> **Excerpted records**:
- Opening Delimiter -

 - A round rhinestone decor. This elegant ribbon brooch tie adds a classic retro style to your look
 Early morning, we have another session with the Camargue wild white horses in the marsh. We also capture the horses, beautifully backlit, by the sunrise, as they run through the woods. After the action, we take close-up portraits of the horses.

- Closing Delimiter -
- Opening Delimiter -

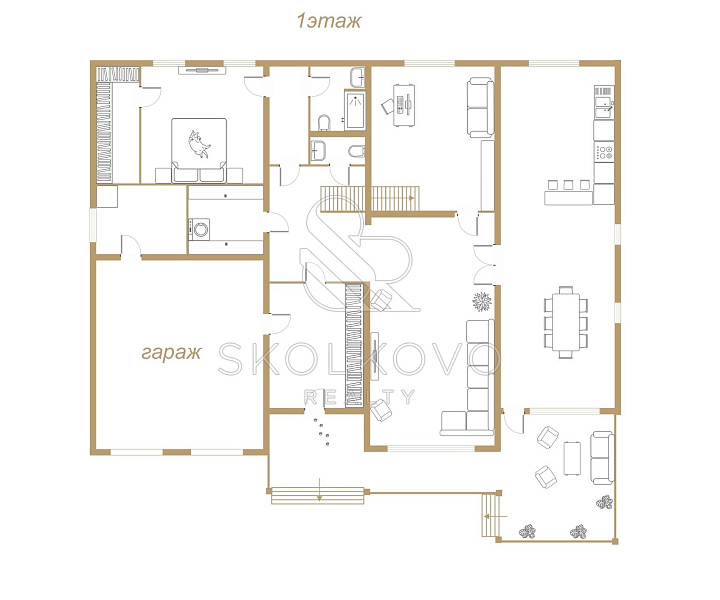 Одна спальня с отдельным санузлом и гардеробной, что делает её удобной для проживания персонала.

- Closing Delimiter -
- Opening Delimiter -

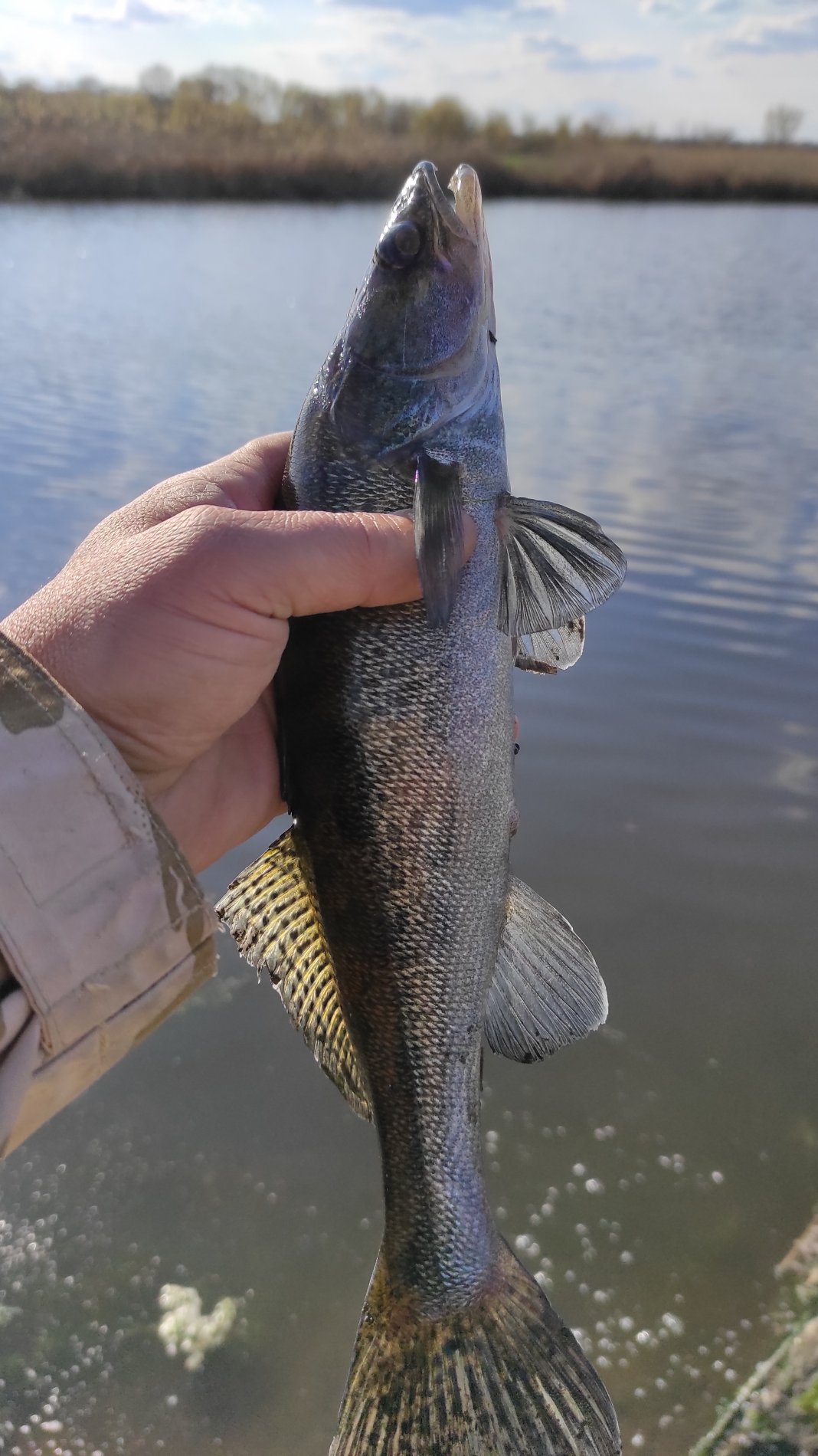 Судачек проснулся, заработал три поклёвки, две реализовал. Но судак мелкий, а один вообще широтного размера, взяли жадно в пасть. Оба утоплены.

- Closing Delimiter -

> **Exercise details**: Retype, exactly and in full, the lines above from the one containing "- A round rhinestone" through the one containing "Early morning, we".

> **Response below**:
 - A round rhinestone decor. This elegant ribbon brooch tie adds a classic retro style to your look
 Early morning, we have another session with the Camargue wild white horses in the marsh. We also capture the horses, beautifully backlit, by the sunrise, as they run through the woods. After the action, we take close-up portraits of the horses.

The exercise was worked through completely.